Task prompt: What you return must be the exact lines of the material below, from the first through the one that has "Юбка прилегающего силуэта", with no pictures and, please, nothing else.

Input for this task:
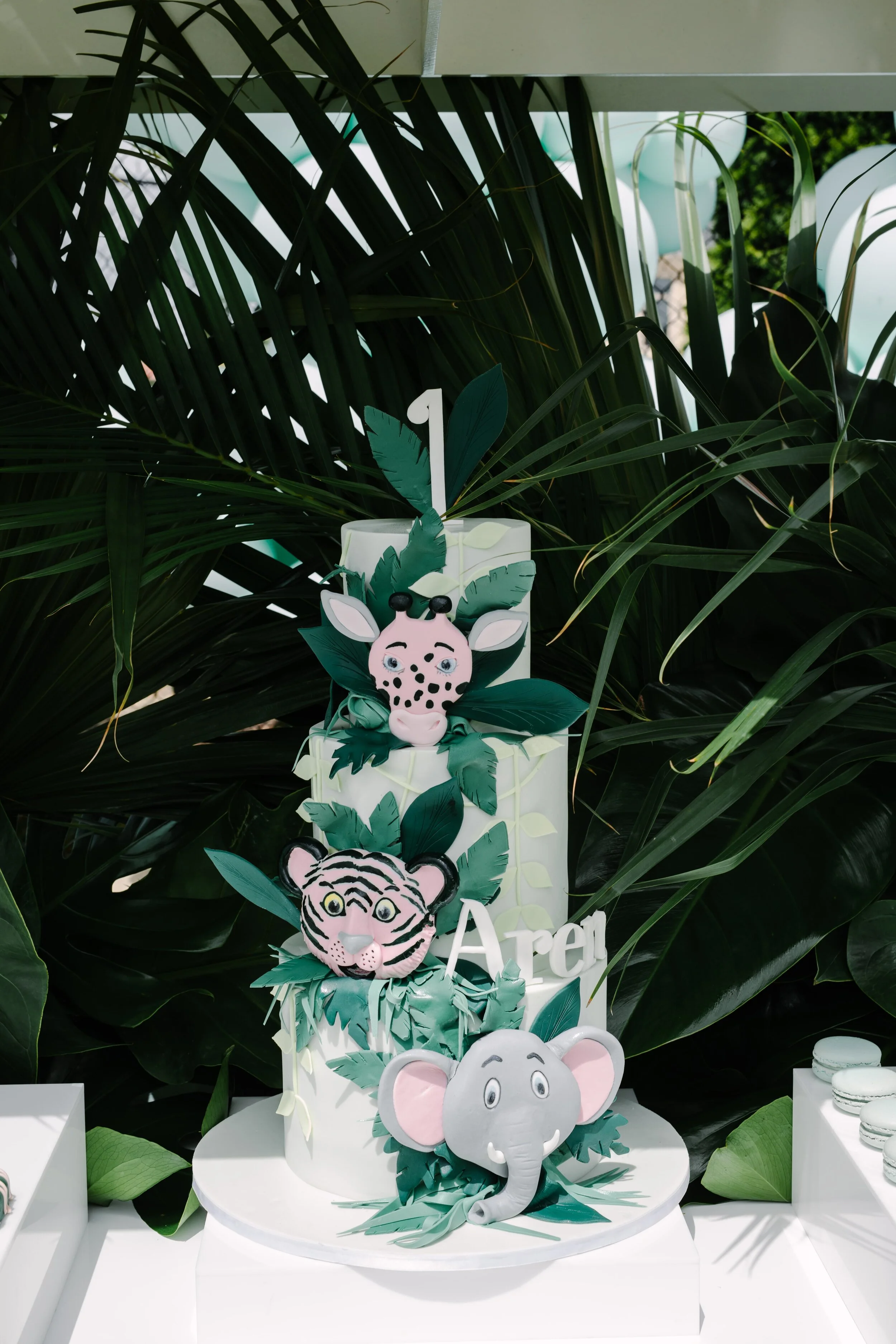 A LOVING CELEBRATION THAT WAS DOUBLE THE FUN. IN THE NEVER-FAIL COLOUR COMBO OF PINK AND GREEN, THE LIVELY BALLOON INSTALLATION CREATED BOTH STYLE AND ATMOSPHERE. THE JUNGLE SETTING ALLOWED THE LITTLE ONES TO EXPLORE WITH THE WILD ANIMALS, JUMP ON THE BOUNCY CASTLE AND CREATE A MASTERPIECE ON THE GIANT COLOURING WALL. WHILE THE TODDLERS PLAYED, THE YOUNG ADULTS SIPPED ON CHAMPAGNE IN A PARISIAN SETTING AND PERFECTED THEIR SELFIE SNAPS IN FRONT OF THE BESPOKE FLORAL PRINT WALL. CENTRAL TO THE CELEBRATIONS WERE DECADENT DESSERT CARTS FILLED WITH HAND CRAFTED SWEET TREATS AND CAKES IN DREAMY MINT AND PASTEL PINK HUES.
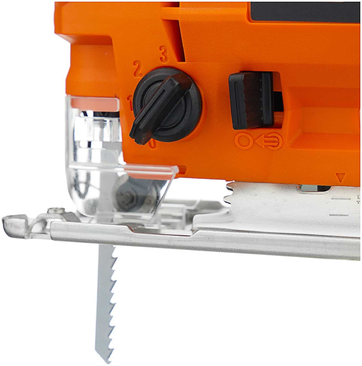 Выбирал строительный лобзик с мощностью 700 W. Выбор пал на этот. Оптимальная цена и качество.Достоинства:Мощность 700 W (У старого лобзика мощность 450W. Реально не хватало).Штампованная стальная станина.(Алюминиевую приходилось очищать от заусенцев после резки металла.)Угол резки не надо выравнивать по угольнику.Есть зубья фиксации. Есть вставка для чистого реза без сколов. Проверил. Эффективна! Отличный сдув опилок. Резиновый кабель 4 метра!Блокиратор пусковой кнопки.Низкая вибрация.Ровный угол распила.Проверял на доске 2,5 см.
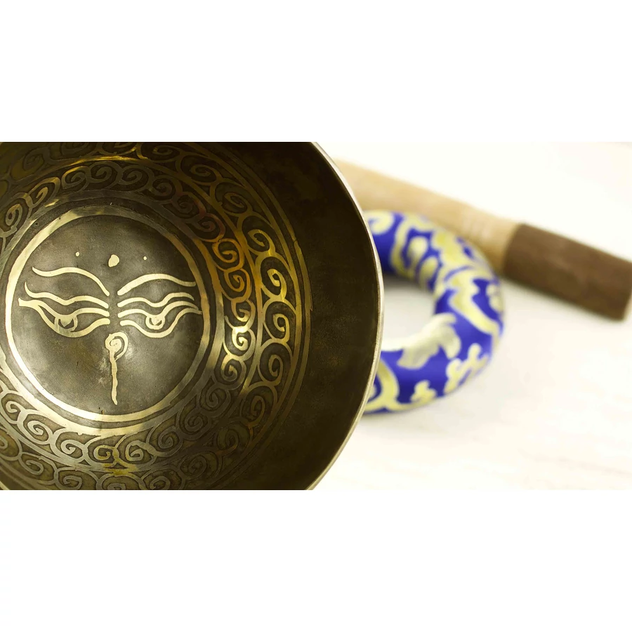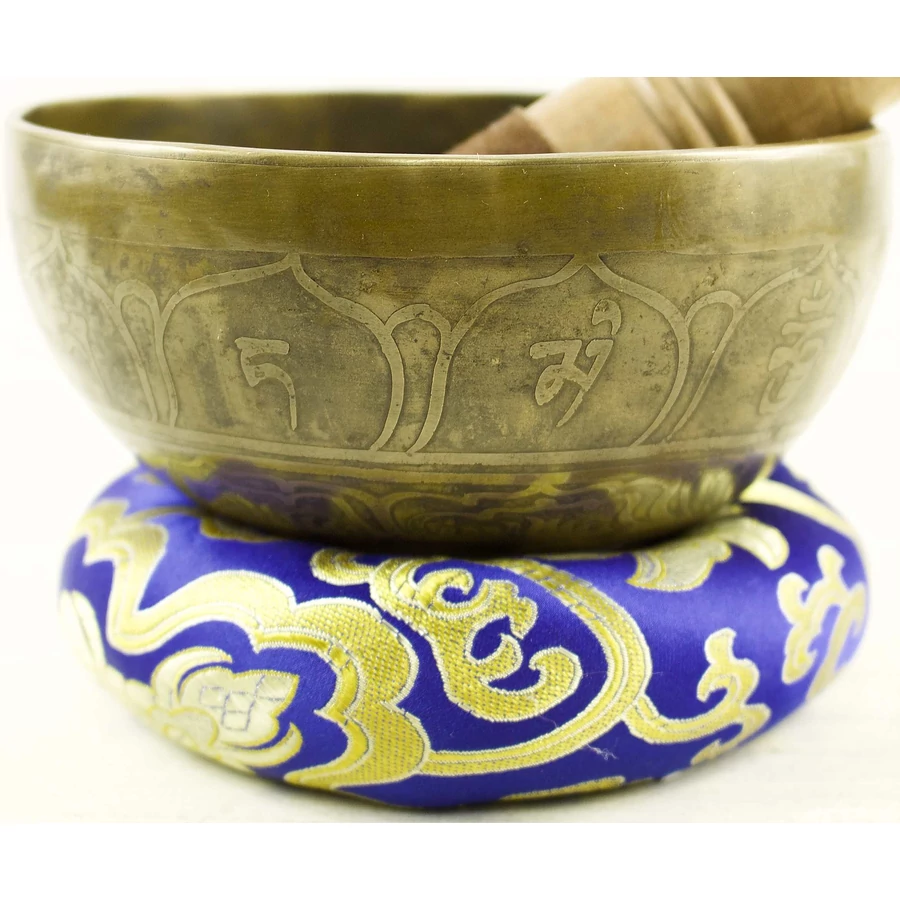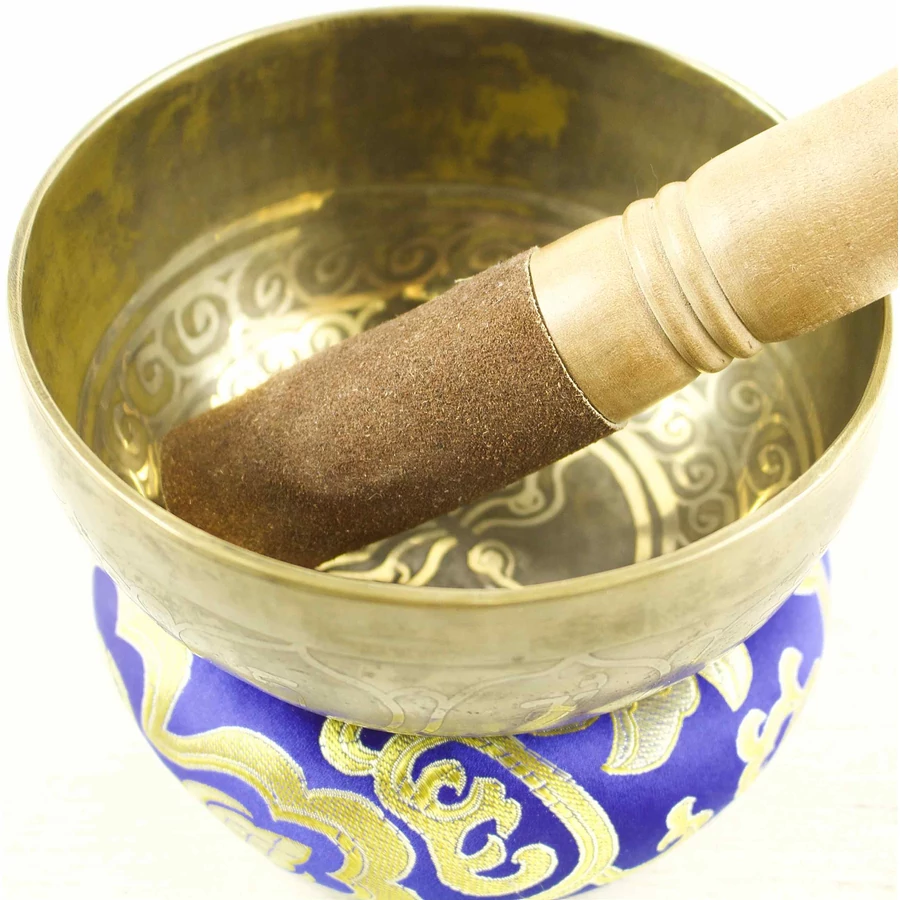 Terápiás tibeti hangtál 7 fémből bőrrel bevont fa ütővel, kék brokát alátéttel - videoval
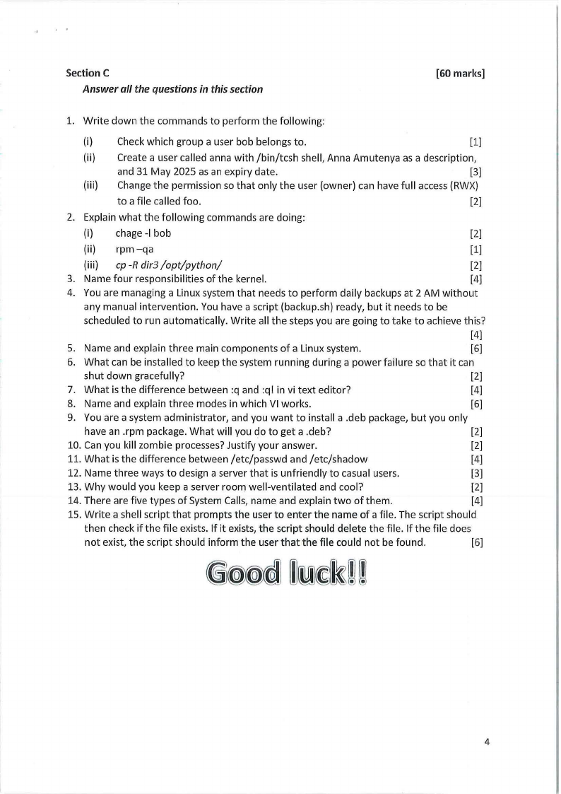 4. You are managing a Linux system that needs to perform daily backups at 2 AM without
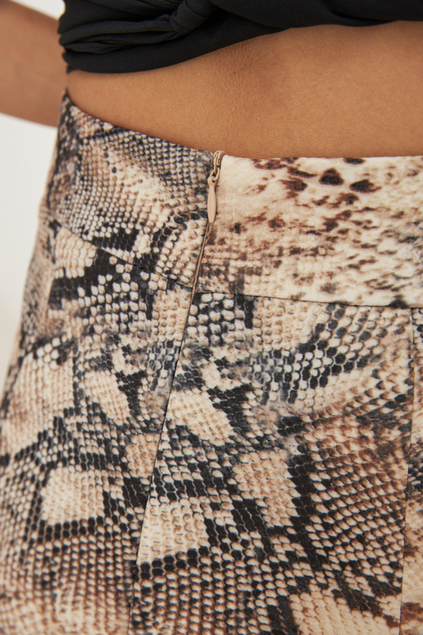 Юбка прилегающего силуэта из эластичной, костюмной ткани. Сзади по среднему шву застёжка-молния, снизу разрез. Пояс притачной.
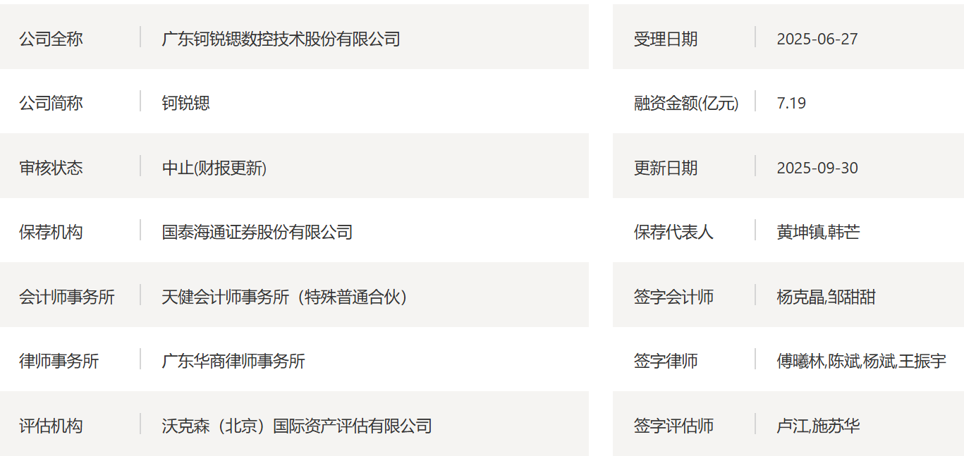 進(jìn)入2025年,不少深圳企業(yè)都瞄準(zhǔn)了資本市場,開始沖刺港股或A股。其中,專注于“工業(yè)母機(jī)”領(lǐng)域的廣東鈳銳鍶數(shù)控技術(shù)股份有限公司(下稱“鈳銳鍶”),于今年6月27日向上交所科創(chuàng)板遞交了IPO申請(qǐng),但因財(cái)報(bào)更新現(xiàn)處于中止審核狀態(tài)。保薦人為國泰海通證券。

Completed exercise:
 A LOVING CELEBRATION THAT WAS DOUBLE THE FUN. IN THE NEVER-FAIL COLOUR COMBO OF PINK AND GREEN, THE LIVELY BALLOON INSTALLATION CREATED BOTH STYLE AND ATMOSPHERE. THE JUNGLE SETTING ALLOWED THE LITTLE ONES TO EXPLORE WITH THE WILD ANIMALS, JUMP ON THE BOUNCY CASTLE AND CREATE A MASTERPIECE ON THE GIANT COLOURING WALL. WHILE THE TODDLERS PLAYED, THE YOUNG ADULTS SIPPED ON CHAMPAGNE IN A PARISIAN SETTING AND PERFECTED THEIR SELFIE SNAPS IN FRONT OF THE BESPOKE FLORAL PRINT WALL. CENTRAL TO THE CELEBRATIONS WERE DECADENT DESSERT CARTS FILLED WITH HAND CRAFTED SWEET TREATS AND CAKES IN DREAMY MINT AND PASTEL PINK HUES.
 Выбирал строительный лобзик с мощностью 700 W. Выбор пал на этот. Оптимальная цена и качество.Достоинства:Мощность 700 W (У старого лобзика мощность 450W. Реально не хватало).Штампованная стальная станина.(Алюминиевую приходилось очищать от заусенцев после резки металла.)Угол резки не надо выравнивать по угольнику.Есть зубья фиксации. Есть вставка для чистого реза без сколов. Проверил. Эффективна! Отличный сдув опилок. Резиновый кабель 4 метра!Блокиратор пусковой кнопки.Низкая вибрация.Ровный угол распила.Проверял на доске 2,5 см.
 Terápiás tibeti hangtál 7 fémből bőrrel bevont fa ütővel, kék brokát alátéttel - videoval
 4. You are managing a Linux system that needs to perform daily backups at 2 AM without
 Юбка прилегающего силуэта из эластичной, костюмной ткани. Сзади по среднему шву застёжка-молния, снизу разрез. Пояс притачной.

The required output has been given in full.